My favourite show after Teen Wolf. 10/10
I'm an INTJ.


----------



## Zombie Devil Duckie

It's ok... I don't watch a lot of TV to begin with, but if I'm watching and nothing else catches my interest, i'd watch it. 

3/10


ESFJ




-ZDD


----------



## Fern

ENTP - 7/10

On behalf of my friends familiar with the program, however, purely for the sake of data (yaaaay, data! Let's here it for data!) here are s'more stats.......

INTP - 9 / 10

ISTP - 9 / 10

ISFP - 6 / 10

ESFP - 2 / 10 (not my friend for long :wink

ISTJ - 5 / 10


----------



## Espiculeas

I would say 8/10. I keep wanting to watch through the entire old series but so much of it is hard to find and I want to watch it unfold in the closest order I can get, until then I am stuck with only the new stuff. Watched it until about a year or so ago, after David, watching an episode was something forced, and I no longer feel the need to keep current. Perhaps one day soon when an entire series is over I will begin again just to see what small things I am missing. Until then, the internet has other uses.


----------



## HippoHunter94

7/10

Everything pre-Tenant was much better to me. Matt Smith is okay.


----------



## heyimawkward

I personally don't see the appeal of it and find it kind of annoying. 3/10. Aaand I'm an INTJ.


----------



## shifty

INTP
9/10

Troughton is my favourite. I like Tennant, Smith and Tom Baker too.



DeductiveReasoner said:


> ENTP. ^^^^Also like the Doctor ^^^^


Which ones?


----------



## mushr00m

INFP
5/10

I preferred the older series, like back in the 80's.


----------



## Glurp

10/10

INTJ here, i thought i wouldn't like this, looking at a pic of the Daleks made me think this was some shitty low budget crap show and the clips online from the weeping angels didn't impress me at all. I'm on vacation right now so 2 days ago i thought "fuck it, let's just try an episode to see why it's so popular", so i tried the season 5 first episode with Matt Smith, the 'the eleventh hour' episode, i liked it alot. The whole of season 5 is great, right now watching season 6, up till now i'm loving it :happy: Not sure why, it's screwing with my head in a fun way and i like the humor in it :laughing:


----------



## shifty

Glurp said:


> 10/10
> 
> INTJ here, i thought i wouldn't like this, looking at a pic of the Daleks made me think this was some shitty low budget crap show


Oh, it was doing entertaining adventures from the 1960s-80s and it didn't have high budgets then.


----------



## badgers

10/10
Favorite show. Well a tie between Doctor Who and BBC Sherlock but this thread is about Doctor Who so...

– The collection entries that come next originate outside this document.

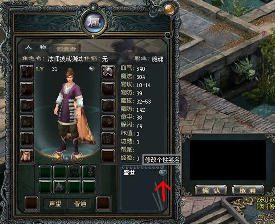 第一步:按键盘C键或鼠标左键点击主界面右下方的人物属性按钮打开人物属性框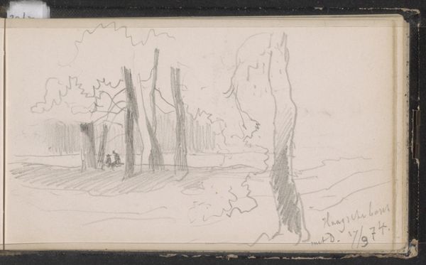 Johannes Tavenraat created this drawing, Kerk te Doorwerth en figuren op een landweg bij Heelsum, with graphite on paper. At first glance, the composition divides into two distinct registers: an elevated landscape scene and a closer view of Doorwerth church among rooftops. The upper scene features a cluster of figures seated beneath a tree, sketched with loose lines and minimal detail, evoking a casual, pastoral feel. The landscape is rendered with broad, horizontal strokes that suggest depth and distance. Below, the church and village roofs are drawn with slightly firmer lines, offering a clearer, more intimate perspective. The drawing plays with the formal contrast between expansive vistas and concentrated architectural details. This contrast invites us to consider how Tavenraat juxtaposes the public and the private, the natural and the built, reflecting contemporary interests in landscape, national identity, and the picturesque. Ultimately, the loose, sketch-like quality suggests a study, an exploration of form and perspective rather than a finished statement.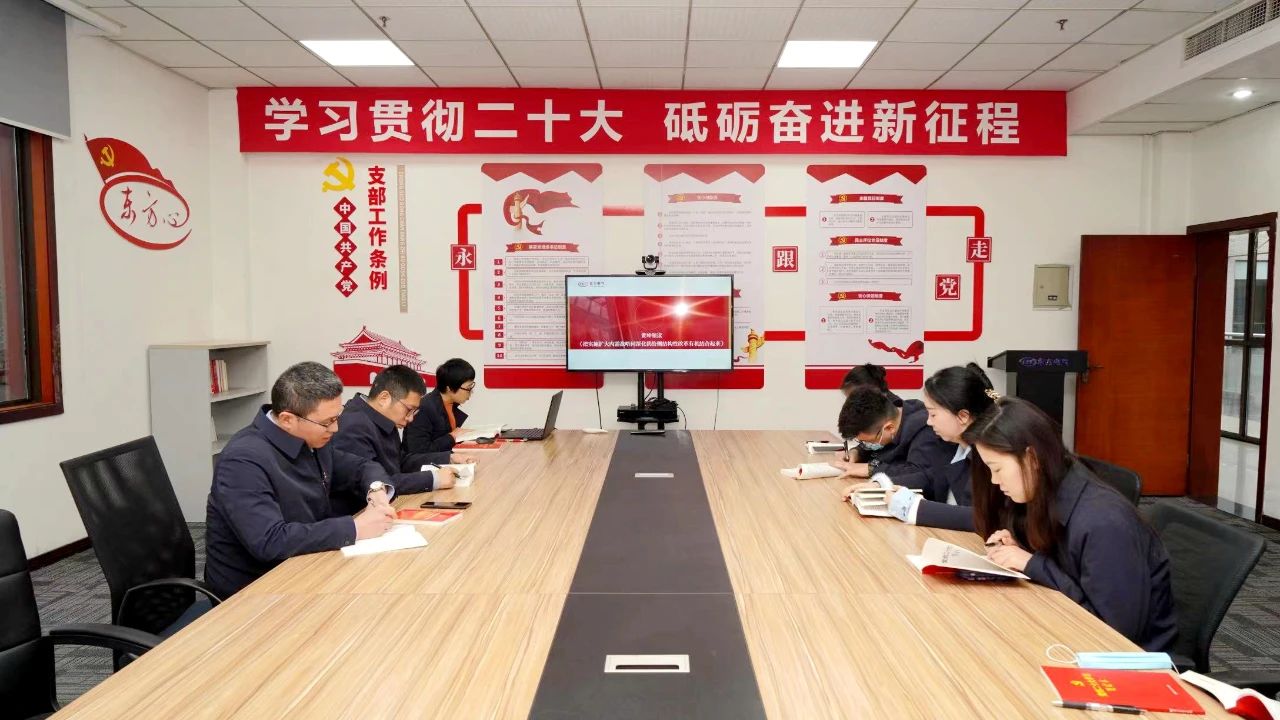 东树新质料团支部组织开展“读报告”“ 上团课”“讲心得”学习党的二十大精神“三合一”运动,团支部书记讲团课、忆初心,团员代表带动读报告、学全文,青年党员讲心得、谈体会,用听得懂、记得住、用得上的语言向宽大团员青年宣传贯彻党的二十大精神,用党的斗争目标感召团员青年,切实营造学习党的二十大精神的良好气氛。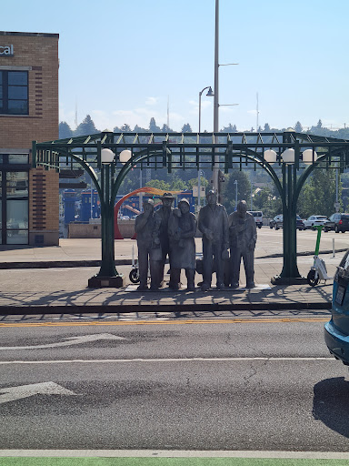 Waiting for the Interurban, also known as People Waiting for the Interurban, is a 1978 cast aluminum sculpture collection in the Fremont neighborhood of Seattle. It is located on the southeast corner of N. 34th Street and Fremont Avenue N., just east of the northern end of the Fremont Bridge.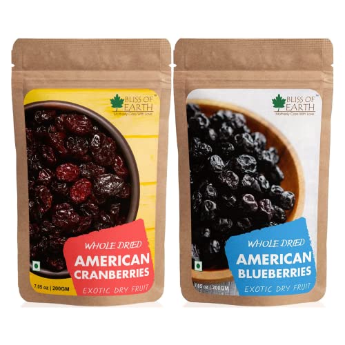 Bliss of Earth Dried Whole Cranberries are handpicked from the United States of America. These berries are natural and delightful dried berries that an excellent source of antioxidants Also rich in vitamin K&c and fiebre cranberries offer a daily dose of nutrients. Unlike many other dry fruits these berries are extremely versatile in their use. Dried cranberries are a culinary ingredient that will help you produce a variety of great dishes.Bliss of Earth Dried Whole Blueberries are handpicked form he United States of America.These berries are natural and delightful dried berries having a sweet flavour and they are succulent & nutritious Blueberries are rich in a flavonoid called "anthocyanin" which has many health benefits. Unlike many other dry fruits these berries are extremely versatile in their use. Dried Blueberries are culinary ingredient that will help you produce a variety of great dishes.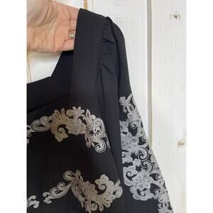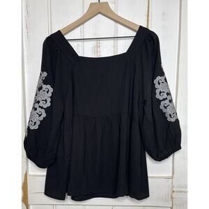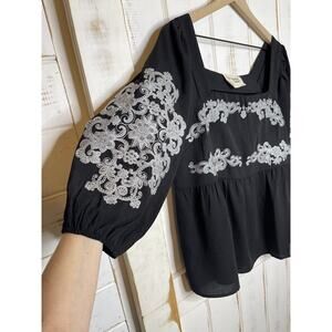 Savanna Jane Boho Blouse Long Sleeve Floral Embroidered Peplum Puff Sleeve Top Large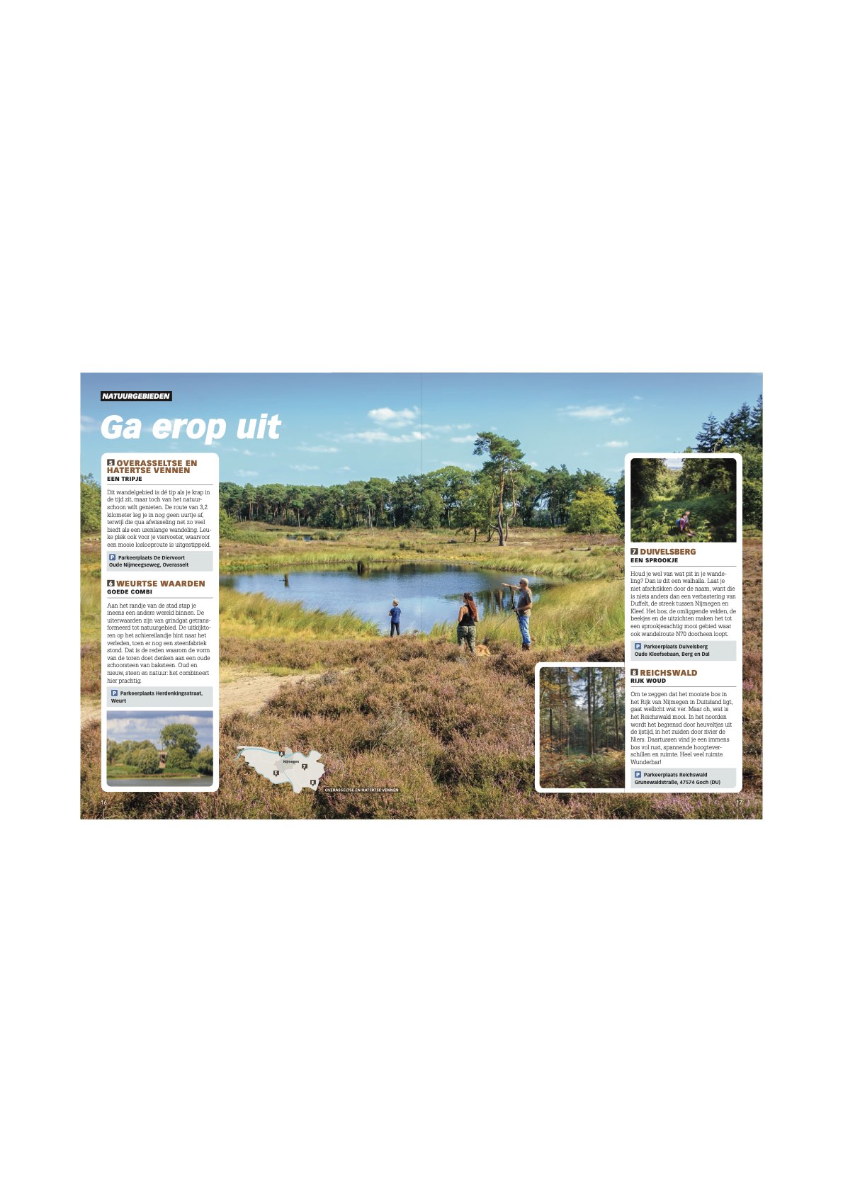 In dit magazine nemen we je mee door het Rijk van Nijmegen: een regio waar natuur, cultuur en historie elkaar versterken. We ver- rijken je met een reis door de tijd, langs Romeinse sporen, kastelen en herinneringen aan de Twee- de Wereldoorlog. Daarna komen we in beweging in de prachtige natuur waar het Rijk van Nijme- gen rijk aan is: bossen, heuvels, uiterwaarden, heide, rivieren en vennen. Natuurlijk vergeten we daarbij tips voor fiets- en wan- delroutes niet, want dat is de beste manier om al dat moois zelf te gaan ontdekken. Ook aan de stadsmens hebben we gedacht. Zo vind je in dit magazine volop tips om cultuur te snuiven en lekker te eten in de stad. En als je toe bent aan ontspanning, hebben we daar ook nog fijne tips voor. En daar eindigt de reis niet. Laat je inspireren en ontdek wat het Rijk van Nijmegen voor je in petto heeft.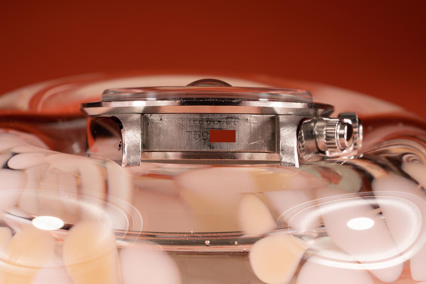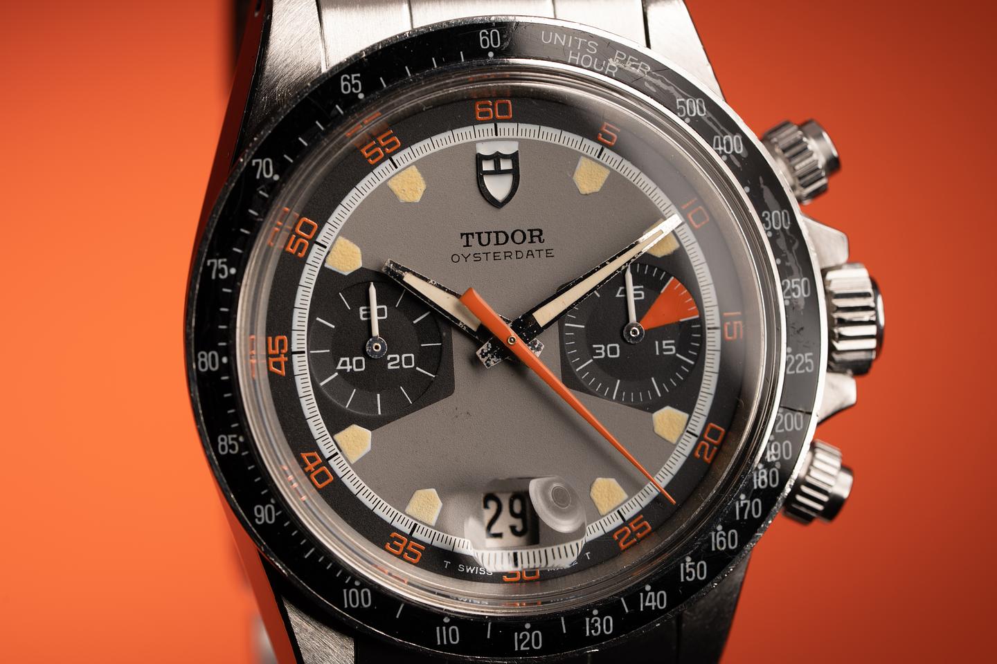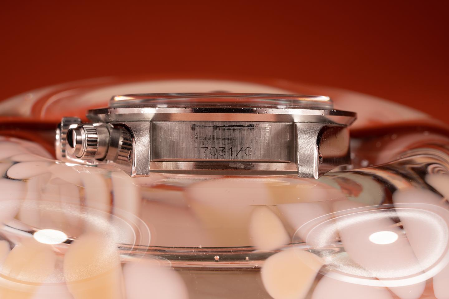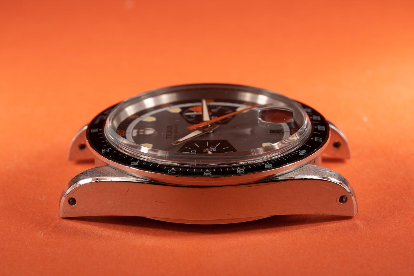 Dial: The grey, black, and orange dial is excellent showing overall light wear for its age. There is some subtle spotting just below and to the right of the left subdial. The lume has aged to a warm creamy hue and the hands have aged slightly lighter than the dial.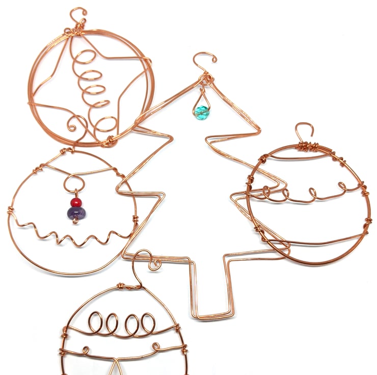 Pack of 5 Copper Wire Christmas Decorations - With Bead Accents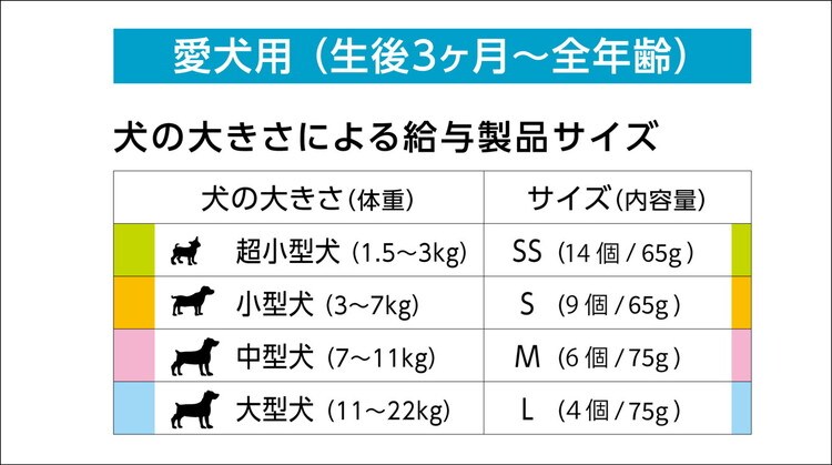 ・体重に合ったサイズを選び、朝、夜1本ずつお与えください。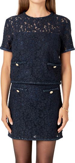 Date night is imminent in this semi-sheer top crafted from delicate floral lace and trimmed with lustrous tonal sequins.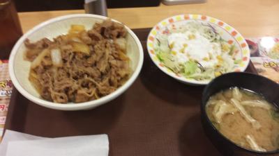 牛丼が260円との安さです。中盛りにサラダ、味噌汁を付けたセットで、500円でお釣りがきました。店員もてきぱきとしていて、こちらから頼まなくても、麦茶を継ぎ足してくれるなど、感じが良かったです。店内も清潔でした。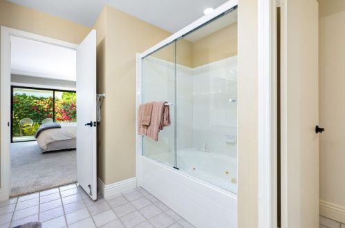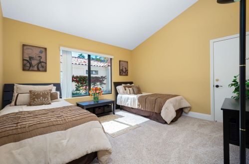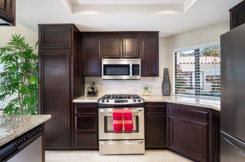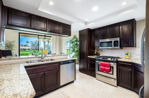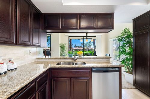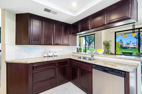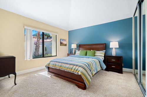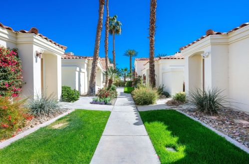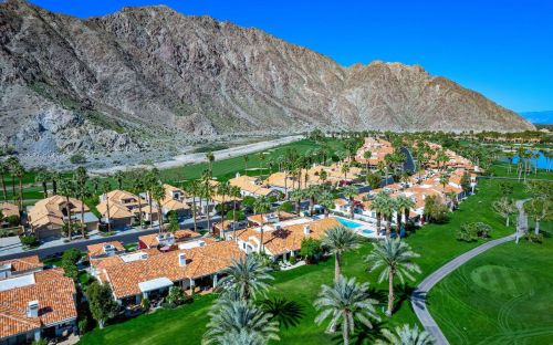 The condominium stands down the street at 55020 Riviera, La Quinta, California.

I feel like the odd man out because I really loved Matt as the Doctor. I'm going to miss him. >.<

I like Moffat's style because you can never keep up and I like having to think about the show I'm watching.

Also I'm an INTP but it also says it right under my name. >.>


----------



## aphinion

9/10! I love the show, especially with all the different tangents and how anything can happen.


----------



## shifty

Espiculeas said:


> I would say 8/10. I keep wanting to watch through the entire old series but so much of it is hard to find


You can't watch the entire old series. Roughly 110 Hartnell & Troughton episodes are missing. Wiped by the BBC. 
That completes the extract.